I've managed to wrangle everything but ListArrays, e.g:

field1_data = pa.array([1.1], type=pa.float64())

field2_data = pa.StructArray.from_arrays(['field1'], [pa.array(['foo'],
type=pa.string())])

field3_data = pa.array([[1], [2]], type=pa.list_(pa.int32()))

I've having trouble with field4:

field4_struct = pa.StructArray.from_arrays(['field1'], [pa.array([1],
type=pa.int32())])

field4_data = pa.ListArray.from_arrays(??, field4_struct)

In particular, what does the offset value mean, and how do I populate it?

Thanks in advance for all the help.

-- Ishaan

Re: Writing nested parquet data using pyarrow

Posted by Wes McKinney <we...@gmail.com>.
hi Ishaan,

Full support for converting between Arrow's and Parquet's nested data
representation in

https://github.com/apache/parquet-cpp/tree/master/src/parquet/arrow

is not yet complete.
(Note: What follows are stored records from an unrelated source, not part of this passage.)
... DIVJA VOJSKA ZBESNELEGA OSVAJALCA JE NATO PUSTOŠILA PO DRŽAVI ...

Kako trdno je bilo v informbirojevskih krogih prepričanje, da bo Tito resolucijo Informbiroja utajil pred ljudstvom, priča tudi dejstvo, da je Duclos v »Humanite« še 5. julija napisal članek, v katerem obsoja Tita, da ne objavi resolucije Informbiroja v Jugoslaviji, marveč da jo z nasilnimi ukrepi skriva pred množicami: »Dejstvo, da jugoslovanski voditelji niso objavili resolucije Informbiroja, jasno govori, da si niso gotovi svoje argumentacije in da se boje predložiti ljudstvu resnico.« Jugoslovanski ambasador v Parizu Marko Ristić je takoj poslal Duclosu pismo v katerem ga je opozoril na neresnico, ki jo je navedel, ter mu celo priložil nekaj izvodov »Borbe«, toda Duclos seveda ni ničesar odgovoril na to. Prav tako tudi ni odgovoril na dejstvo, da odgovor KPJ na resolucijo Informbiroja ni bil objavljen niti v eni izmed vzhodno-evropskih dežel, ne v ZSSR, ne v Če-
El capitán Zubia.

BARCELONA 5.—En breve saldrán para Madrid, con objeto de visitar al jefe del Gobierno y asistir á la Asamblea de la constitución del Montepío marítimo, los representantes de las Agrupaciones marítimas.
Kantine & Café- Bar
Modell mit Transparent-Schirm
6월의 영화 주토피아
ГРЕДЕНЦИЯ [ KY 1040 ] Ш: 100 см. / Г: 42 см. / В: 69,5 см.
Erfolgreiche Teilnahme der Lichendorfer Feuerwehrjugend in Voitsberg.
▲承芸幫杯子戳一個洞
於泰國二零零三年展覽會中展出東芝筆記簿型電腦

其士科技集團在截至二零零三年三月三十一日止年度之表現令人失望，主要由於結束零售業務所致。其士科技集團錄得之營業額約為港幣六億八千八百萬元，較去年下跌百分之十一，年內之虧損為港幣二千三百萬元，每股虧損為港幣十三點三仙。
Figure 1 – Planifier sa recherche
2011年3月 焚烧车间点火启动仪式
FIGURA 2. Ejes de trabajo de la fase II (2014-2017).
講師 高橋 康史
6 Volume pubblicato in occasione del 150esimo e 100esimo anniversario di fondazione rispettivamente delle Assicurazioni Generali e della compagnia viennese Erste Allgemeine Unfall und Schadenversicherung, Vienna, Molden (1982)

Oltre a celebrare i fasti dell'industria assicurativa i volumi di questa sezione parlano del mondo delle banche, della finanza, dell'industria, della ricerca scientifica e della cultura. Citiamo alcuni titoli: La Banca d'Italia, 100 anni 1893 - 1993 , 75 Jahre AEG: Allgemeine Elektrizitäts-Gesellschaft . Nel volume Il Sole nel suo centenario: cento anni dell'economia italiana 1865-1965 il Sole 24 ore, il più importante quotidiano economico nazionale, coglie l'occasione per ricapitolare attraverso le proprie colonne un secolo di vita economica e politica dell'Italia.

I have no estimate on when the work will be
completed since I'm not sure who's going to do the work. I will
eventually work on it myself, but I have no urgent need, so if it's
me, it may be sometime later this year. I think it would be a really
interesting project for someone wishing to master both the Arrow
format and C++ API and Parquet nested data encoding.
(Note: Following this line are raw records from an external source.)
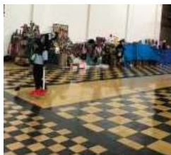
Gambar 16. Dimensi Ruang
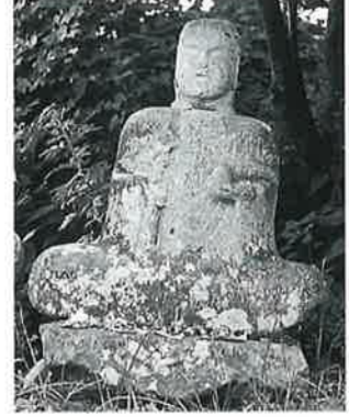
46 地藏尊 宇木谷地(72× 57×23)
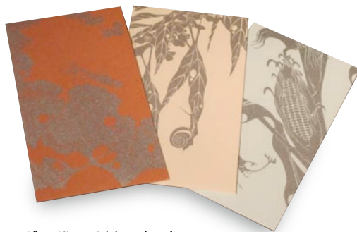
ポチ袋(4種類・各3柄) ¥368 青裳堂書店蔵『玄圃瑤華』をデザインしたポチ袋のセット。 額に入れてお部屋のインテリアにしてみるのもオススメです。
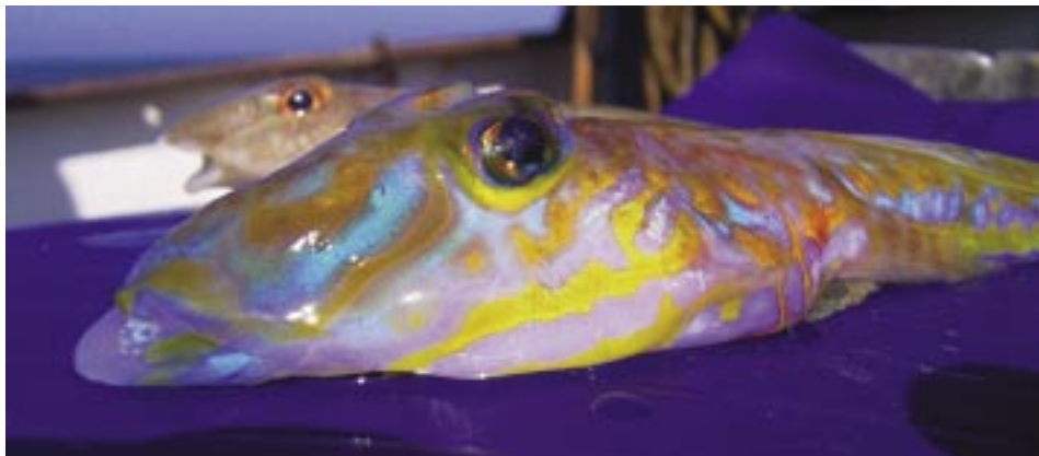
Abb. 1: Der Gestreifte Leierfisch, Callionymus lyra , aus der deutschen AWZ der Nordsee. Im Vordergrund ein ♂, im Hintergrund ein ♀.
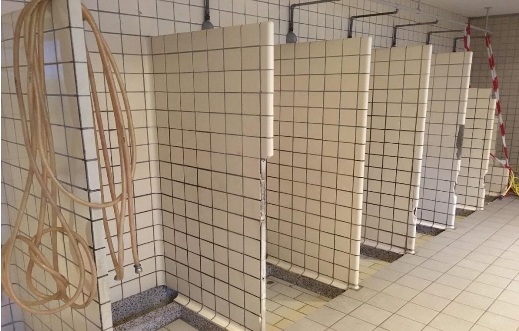
Foto 4 Drenges toilet

Separate from that, we could definitely have much better documentation
about different ways to construct nested data in Python.

thanks
Wes

On Thu, Feb 1, 2018 at 3:46 AM, Ishaan Joshi <is...@apache.org> wrote:
> Wes and co.,
>
> First off, great project ! I was able to read the docs and get going in
> under a day, the APIs are super easy to use. That being said, I'm a tad
> stuck, and having exhausted google-fu, am here to assistance. I want to use
> pyarrow to write a nested dataset in parquet. The schema is quite complex,
> and I'm having difficulty getting going with arrays for nested data
> structures. For e.g, a column in my schema look like this:
>
> In [7]: schema
>
> Out[7]:
>
> cstruct: struct<field1: double, field2: struct<field1: string>, field3:
> list<item: int32>, field4: list<struct: struct<field1: int32>>>
>
>   child 0, field1: double
>
>   child 1, field2: struct<field1: string>
>
>       child 0, field1: string
>
>   child 2, field3: list<item: int32>
>
>       child 0, item: int32
>
>   child 3, field4: list<struct: struct<field1: int32>>
>
>       child 0, struct: struct<field1: int32>
>
>           child 0, field1: int32
>
> How would I go constructing a row with this type? I've been looking at
> StructArray and ListArray. I've found the following links during my
> research:
>
> * https://github.com/apache/arrow/issues/1217
>
> *
> https://stackoverflow.com/questions/45341182/nested-data-in-parquet-with-python
>
> *
> https://github.com/apache/arrow/commit/5c704bce42e3fa71ea4586368962d41173b3e17b
>
> I've managed to wrangle everything but ListArrays, e.g:
>
> field1_data = pa.array([1.1], type=pa.float64())
>
> field2_data = pa.StructArray.from_arrays(['field1'], [pa.array(['foo'],
> type=pa.string())])
>
> field3_data = pa.array([[1], [2]], type=pa.list_(pa.int32()))
>
> I've having trouble with field4:
>
> field4_struct = pa.StructArray.from_arrays(['field1'], [pa.array([1],
> type=pa.int32())])
>
> field4_data = pa.ListArray.from_arrays(??, field4_struct)
>
> In particular, what does the offset value mean, and how do I populate it?
>
> Thanks in advance for all the help.
>
> -- Ishaan